===== DATA SECTION =====

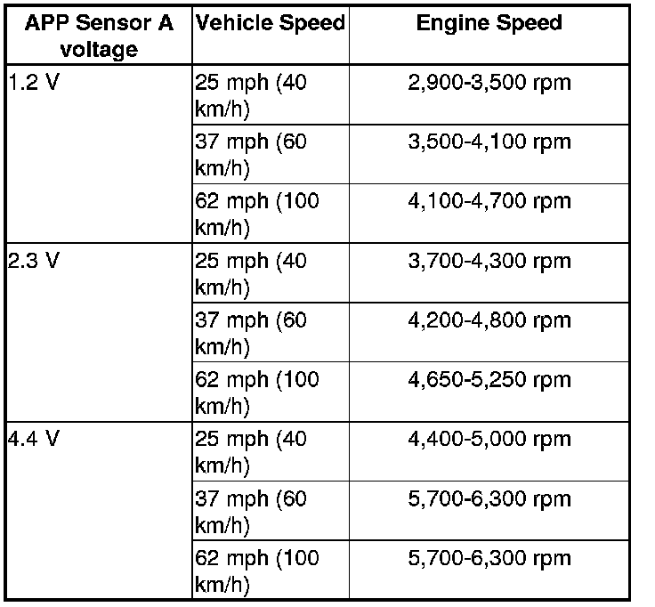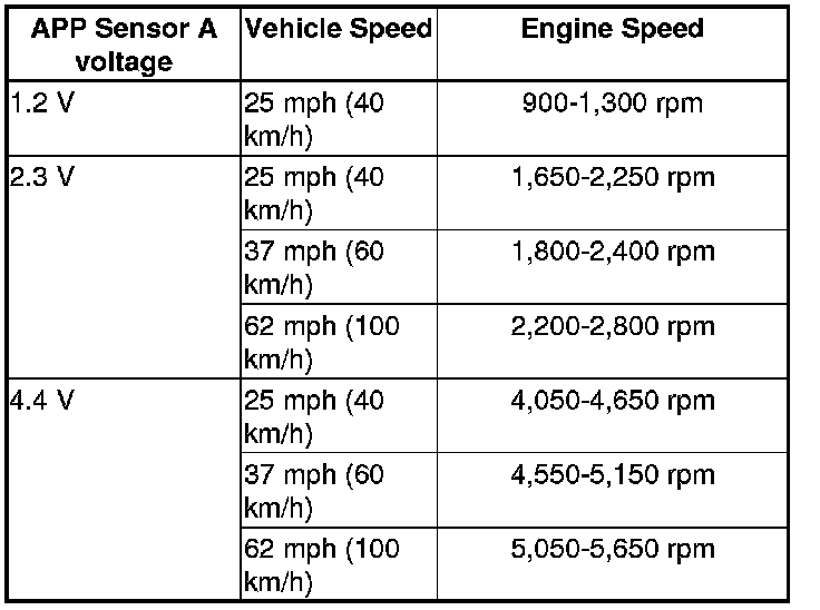 15. Review each snapshot individually, and compare the APP Sensor A (V) voltage, the Vehicle Speed, and the Engine Speed to the following table:
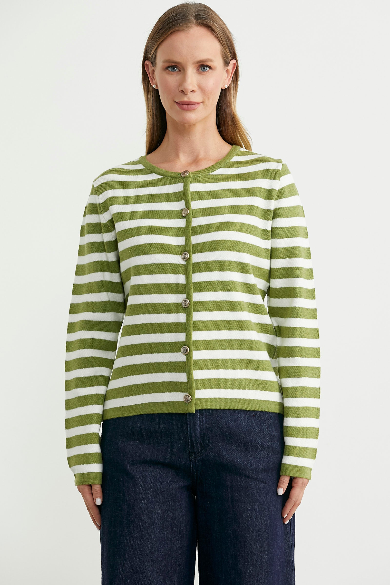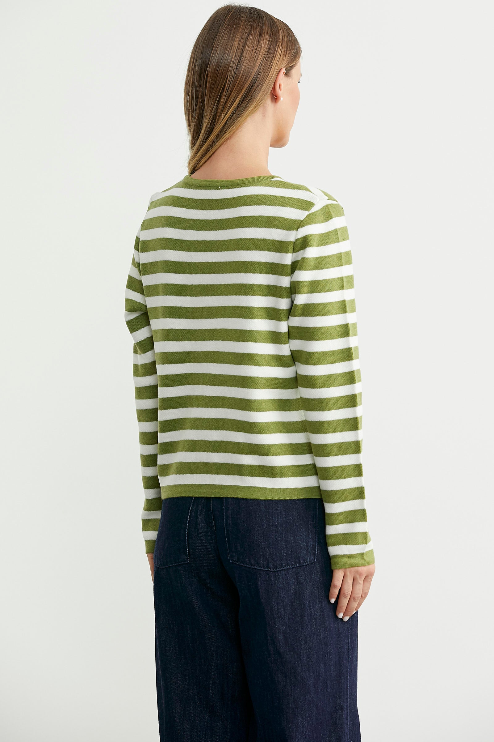 Her kombininize uyum sağlayacak bir parçaya ne dersiniz? Önden düğmeli, iki renkli, çizgili triko hırka sizi yumuşacık dokusu ile rahat hissettirirken stilinize şıklık katacaktır. İster pantolonlarınızla isterseniz de eteklerinizle kombinleyebileceğiniz tamamlayıcı bir parça olacaktır.
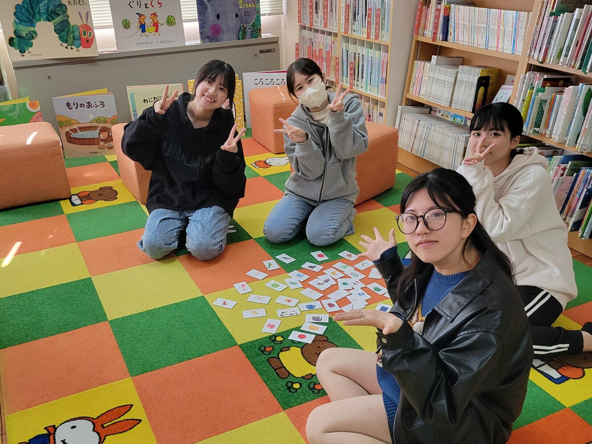 このかるたは、チャレンジ資格試験「幼保英語検定」にも役立つ単語を中心に作られており、楽しみながら自然と保育に関する英語力を強化し、検定対策ができるのがポイント。図書館では、かるたの貸出も行っているので、授業以外の時間にも友達と一緒にチャレンジすることができます。

=====

EXERCISE BRIEF |
Only what runs from the line with "Her kombininize uyum" through the last line of the listing above belongs in the answer, set down exactly and free of pictures.

OUTPUT FOR THIS EXERCISE |
 Her kombininize uyum sağlayacak bir parçaya ne dersiniz? Önden düğmeli, iki renkli, çizgili triko hırka sizi yumuşacık dokusu ile rahat hissettirirken stilinize şıklık katacaktır. İster pantolonlarınızla isterseniz de eteklerinizle kombinleyebileceğiniz tamamlayıcı bir parça olacaktır.
 このかるたは、チャレンジ資格試験「幼保英語検定」にも役立つ単語を中心に作られており、楽しみながら自然と保育に関する英語力を強化し、検定対策ができるのがポイント。図書館では、かるたの貸出も行っているので、授業以外の時間にも友達と一緒にチャレンジすることができます。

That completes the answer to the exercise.